Administrative bulletin: 2026-05-003 Quality information


Date: May 1, 2026

Topics covered in this administrative bulletin are applicable to:

Professional and facility Providers

Professional Providers only

Unless otherwise noted, if you have any questions regarding the information in this bulletin, please contact your Provider Engagement Consultant or visit capbluecross.com/wps/portal/cap/provider/pec-look-up and enter your NPI or Tax ID to identify your designated point of contact at Capital Blue Cross.

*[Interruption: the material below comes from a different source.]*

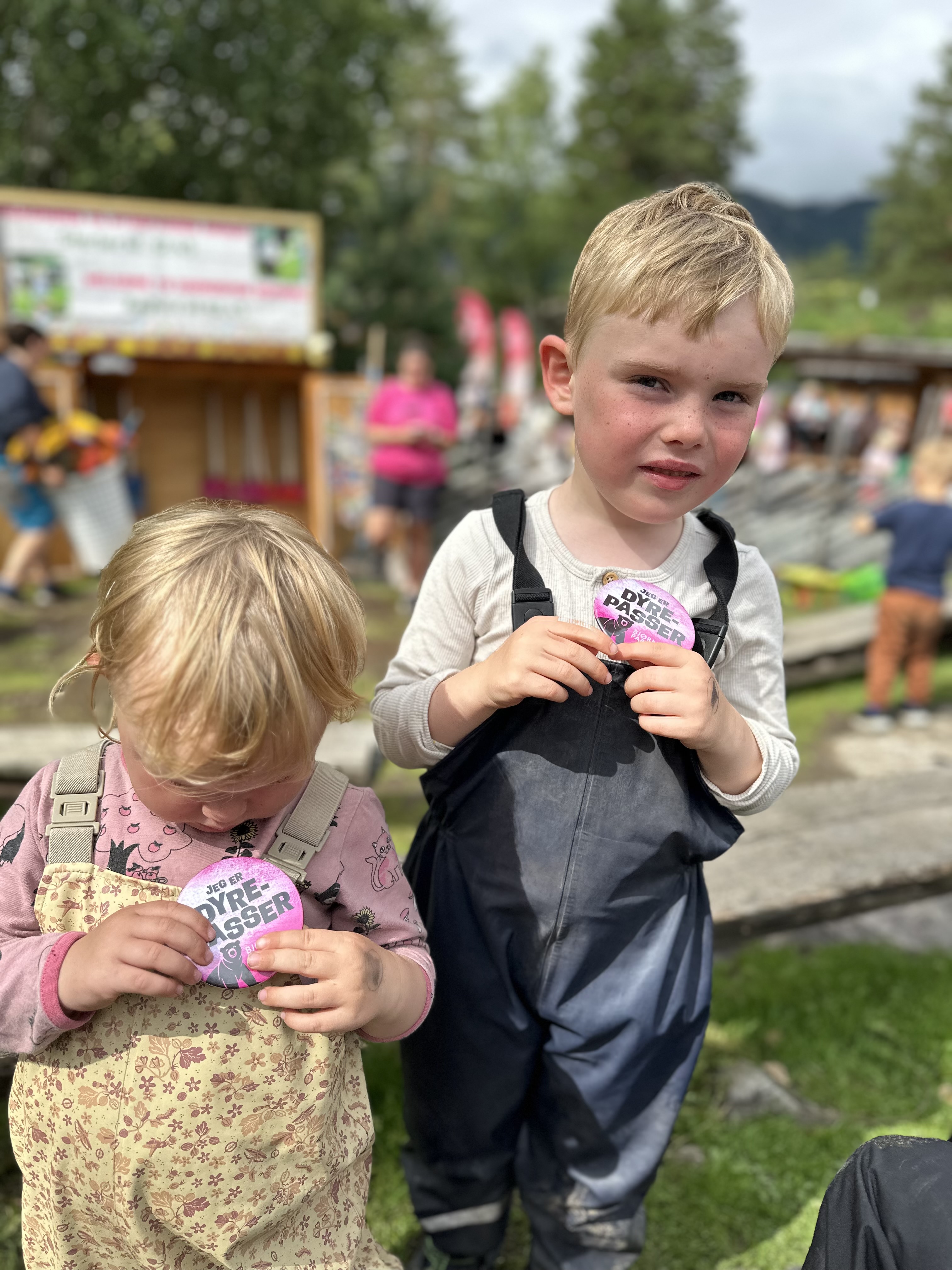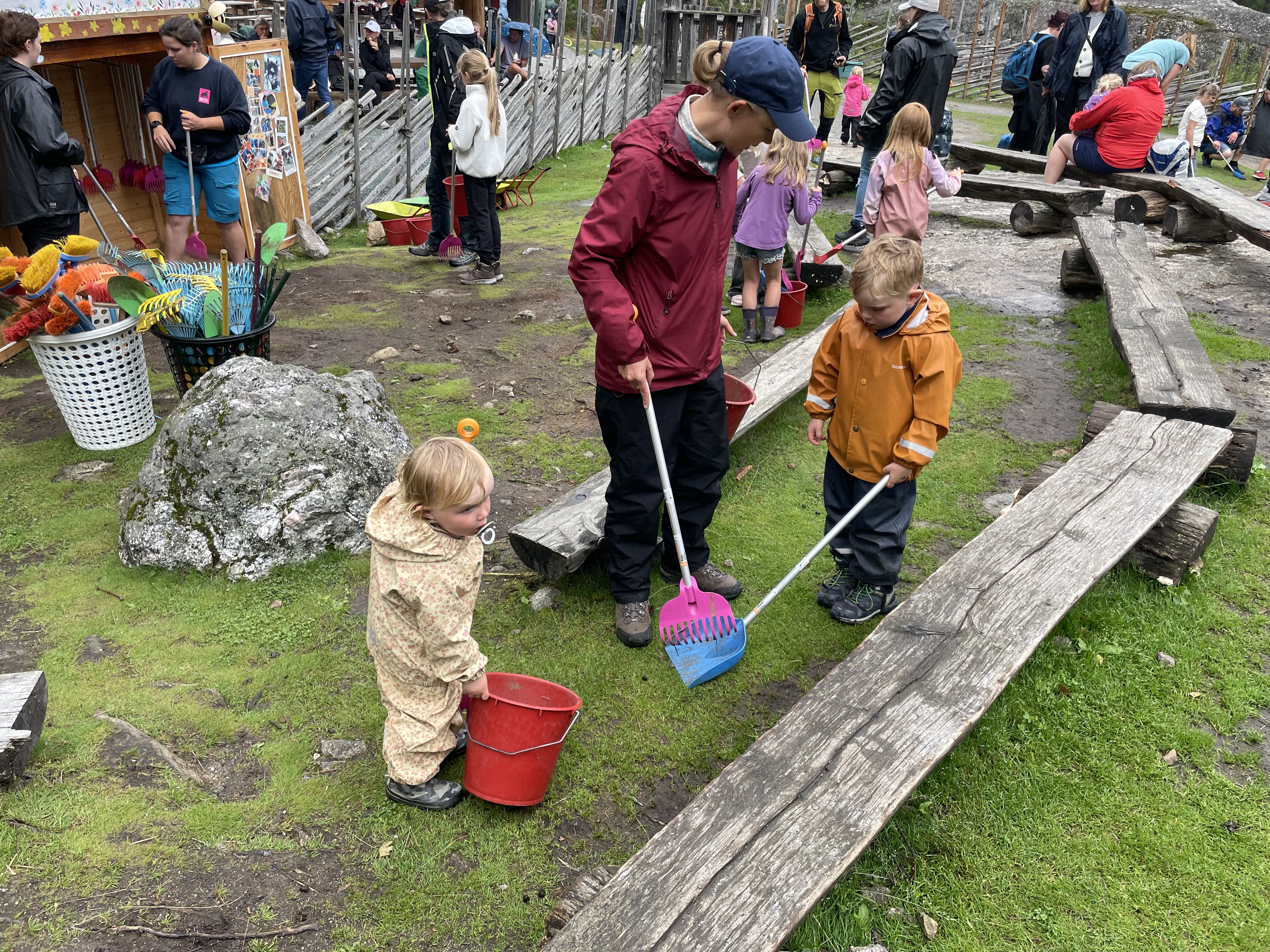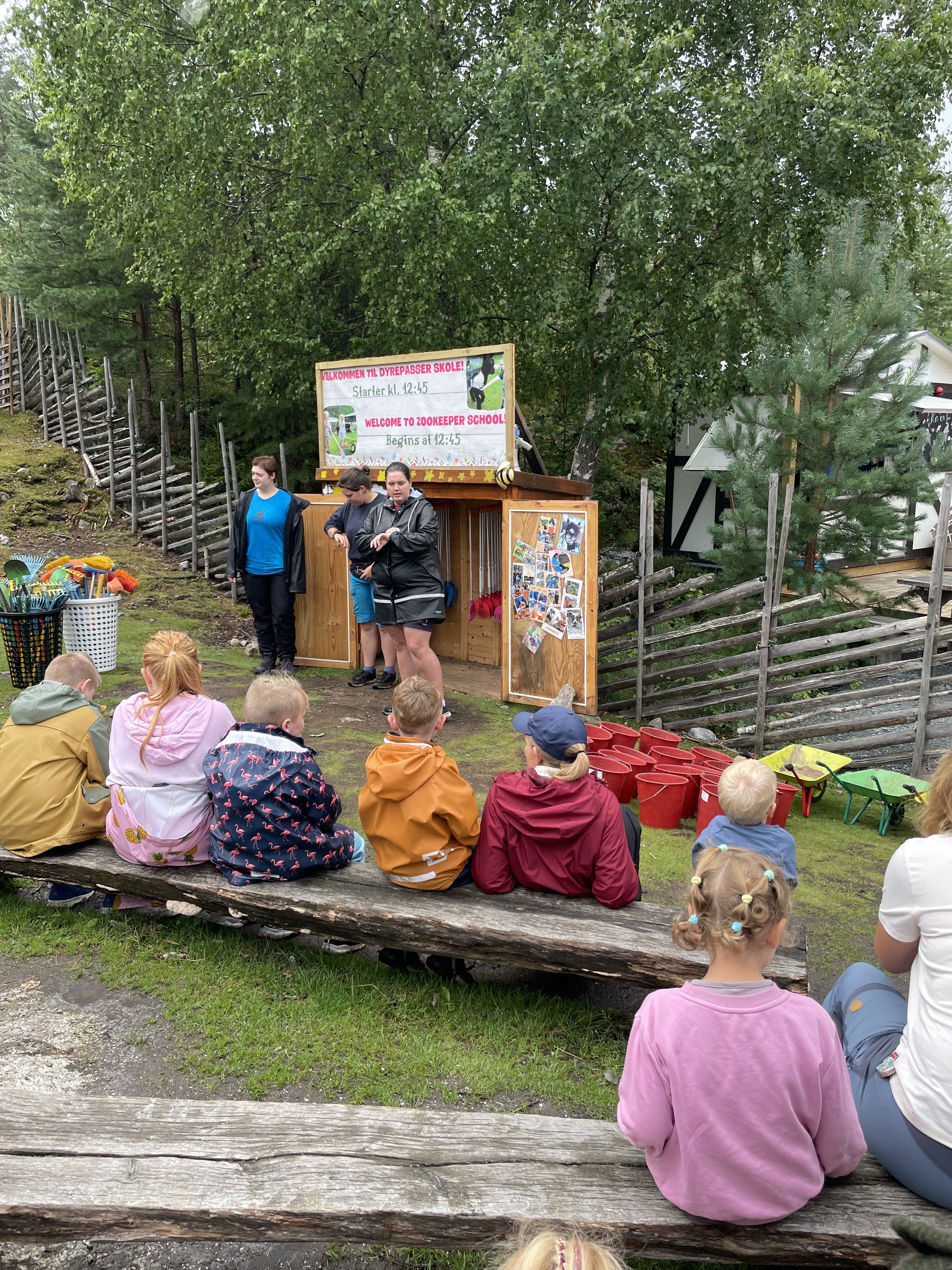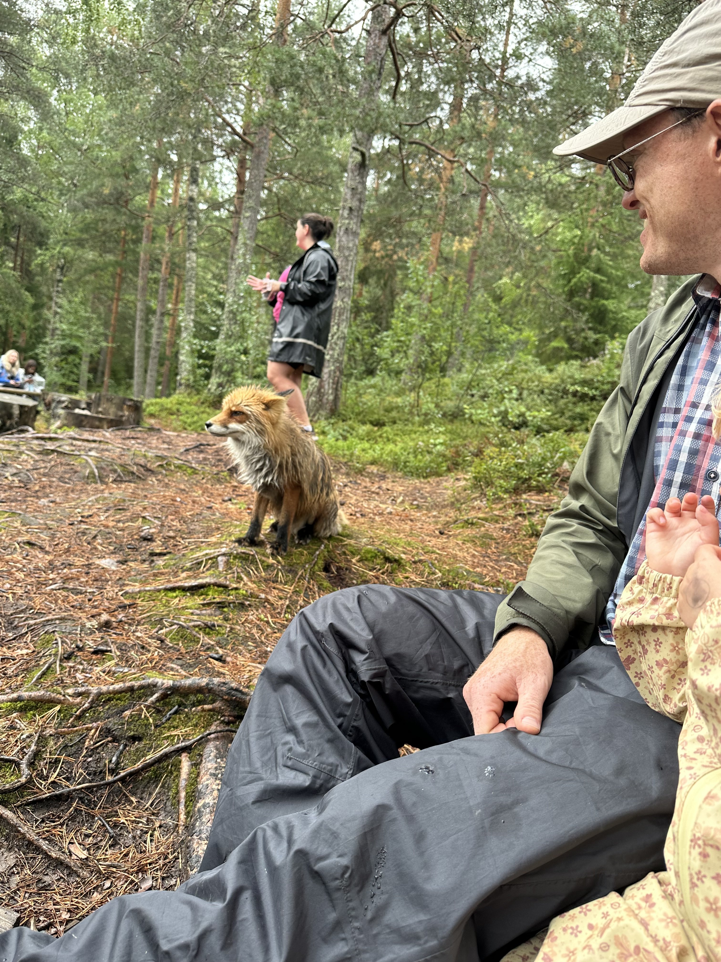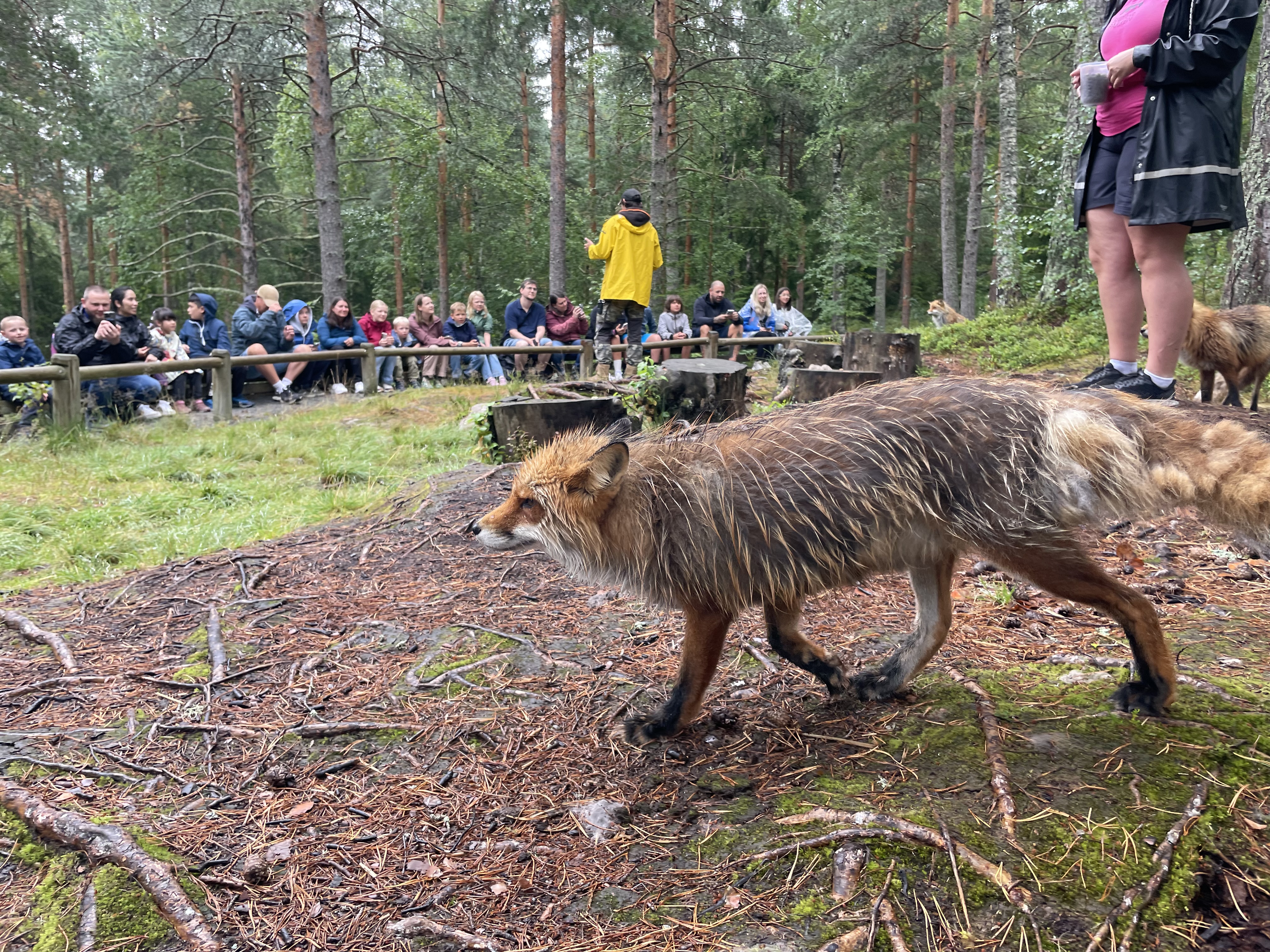De havde et rigtig fint program i parken, som naturligt ledte os hen forbi de forskellige dyr. Først så vi bjørnene blive fodret. Derefter kunne man komme ind i ræveskoven, hvor vi fik lov til at håndfodre deres ræve. De havde tre styks røde ræve, alle tre opvokset i parken, som var meget nysgerrige og kom helt tæt på. Det var en sjov oplevelse - og de er nogle flotte dyr når de har det godt. Da vi havde været i ræveskoven gik vi op til ulvene, hvor vi spiste vores madpakke - ulvefodringen var nemlig det næste på programmet. Dem så vi også; der var to ulve. Som så meget andet her i Norge er Bjørneparken anlagt på en bjergskråning, hvilket gav parken en fin stemning af naturlighed. Ved siden af bjørnene kunne man komme ind på deres sæter, hvor der gik alpakkaer, får og kaniner. Her var børnene på dyrepasserskole, hvor vi skulle samle lort op efter dyrene og hjælpe med at fodre dem. Til sidst fik de hver et badge! Da dyrepasserskolen var færdig passede det lige med at man kunne se deres bukke bruse show - en moderne fortolkning af den gamle historie. Det syntes Astrid dog var lige uhyggeligt nok, for hun var blevet træt, og så blev hun puttet i klapvognen.

Professional and facility Providers


Breast Cancer Screening (BCS)

  • CHIP
  • EPO
  • FEP PPO
  • HMO
  • Medicare Advantage HMO
  • POS
  • PPO
  • Traditional and Comprehensive
  • Medicare Advantage PPO

KEY POINT: Breast cancer is the most common cancer among U.S. women (excluding some skin cancers). Providers should routinely recommend and ensure mammography for patients ages 40–74 as screening saves lives, expands treatment options, and lowers overall health care costs.

Best practices:

  • Utilize Theon™ for open gap reports, to manage returned records, and supplemental data submissions.
  • Submit the appropriate ICD-10 diagnosis code for a history of bilateral mastectomy or any of the other exclusionary codes, as this is an administrative measure.
  • Contact your Population Health Consultant for questions or concerns.

Exclusions:

  • Members who died during the measurement year.
  • In hospice or using hospice services anytime during the measurement year.
  • Receiving palliative care during the measurement year.
  • Medicare enrollees, 66 years of age and older by the last day of the measurement period, in an institutional SNP (I-SNP) or living long-term in an institution (LTI).
    • Enrolled in an Institutional SNP (I-SNP) any time during the measurement period.
    • Living long-term in an institution any time during the measurement period.
  • Members 66 years of age or older by the last day of the measurement period, with both frailty and advanced illness.
    • Frailty. At least two indications of frailty with different dates of service during the measurement period.
    • Advanced illness. Either of the following during the measurement period or the year prior to the measurement period:
      • Advanced illness on at least two different dates of service.
      • Dispensed dementia medication.
  • Members who had a bilateral mastectomy or both right and left unilateral mastectomies any time during their history through the last day of the measurement period.
    • Any combination that indicates a mastectomy of both the left and right sides on the same date of service or different dates of service.
  • Gender-affirming chest surgery with a diagnosis of gender dysmorphia at any time in the member’s history through the end of the measurement period.

Resources:

Breast Cancer Screening (BCS) - NCQA


Cervical Cancer Screening (CCS)

  • CHIP
  • EPO
  • FEP PPO
  • HMO
  • Medicare Advantage HMO
  • POS
  • PPO
  • Traditional and Comprehensive
  • Medicare Advantage PPO

KEY POINT: Cervical cancer is the fourth most common cancer in women and other people with a cervix globally. Providers should recommend and deliver routine screening to detect precancerous changes early, when treatment can stop cancer before it starts.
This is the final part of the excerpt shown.